### Task requirements
Repeat exactly, and only, the lines of the entries below from the one with "UMBRIANO® Fini granit" through the one with "E Courses à Longchamp Edouard Manet Longchamp", both ends included.

### Dataset records

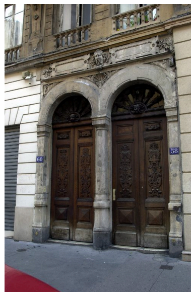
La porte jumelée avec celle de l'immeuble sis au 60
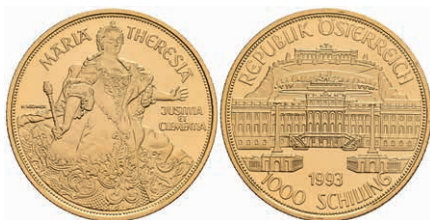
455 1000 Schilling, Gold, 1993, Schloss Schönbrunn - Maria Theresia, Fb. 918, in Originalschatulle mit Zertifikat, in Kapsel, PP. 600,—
* * *
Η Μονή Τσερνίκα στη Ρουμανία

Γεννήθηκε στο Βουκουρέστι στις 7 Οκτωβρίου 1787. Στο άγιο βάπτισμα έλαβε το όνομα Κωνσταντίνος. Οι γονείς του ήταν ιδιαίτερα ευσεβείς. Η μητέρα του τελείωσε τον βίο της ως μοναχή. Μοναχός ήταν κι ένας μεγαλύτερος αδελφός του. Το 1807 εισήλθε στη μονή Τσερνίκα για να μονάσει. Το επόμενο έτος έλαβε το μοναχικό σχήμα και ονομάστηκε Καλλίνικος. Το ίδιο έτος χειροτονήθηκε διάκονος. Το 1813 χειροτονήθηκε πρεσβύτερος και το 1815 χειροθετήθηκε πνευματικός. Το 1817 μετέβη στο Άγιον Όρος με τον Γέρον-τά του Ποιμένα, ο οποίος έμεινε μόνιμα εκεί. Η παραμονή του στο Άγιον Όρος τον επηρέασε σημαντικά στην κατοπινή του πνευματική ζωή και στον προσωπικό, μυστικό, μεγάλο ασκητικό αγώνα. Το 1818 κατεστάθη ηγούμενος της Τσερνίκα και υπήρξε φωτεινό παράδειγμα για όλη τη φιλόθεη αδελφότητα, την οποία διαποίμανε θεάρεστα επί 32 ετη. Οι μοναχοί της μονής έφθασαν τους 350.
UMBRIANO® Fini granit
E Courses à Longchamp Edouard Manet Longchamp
...
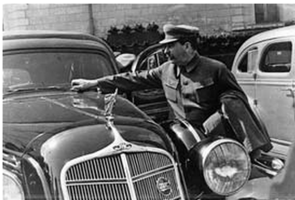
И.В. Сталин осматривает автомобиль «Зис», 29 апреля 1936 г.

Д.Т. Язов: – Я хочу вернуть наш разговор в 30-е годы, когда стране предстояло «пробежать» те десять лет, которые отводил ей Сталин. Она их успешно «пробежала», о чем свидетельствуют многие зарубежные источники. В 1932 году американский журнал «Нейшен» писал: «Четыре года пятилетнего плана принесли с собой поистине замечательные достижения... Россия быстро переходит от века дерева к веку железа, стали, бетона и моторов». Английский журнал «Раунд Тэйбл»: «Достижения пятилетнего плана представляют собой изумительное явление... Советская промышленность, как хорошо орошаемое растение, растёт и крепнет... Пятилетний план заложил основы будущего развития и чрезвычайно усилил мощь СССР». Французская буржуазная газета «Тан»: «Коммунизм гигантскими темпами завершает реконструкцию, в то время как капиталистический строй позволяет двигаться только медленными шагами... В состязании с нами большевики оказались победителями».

### Your response
UMBRIANO® Fini granit
E Courses à Longchamp Edouard Manet Longchamp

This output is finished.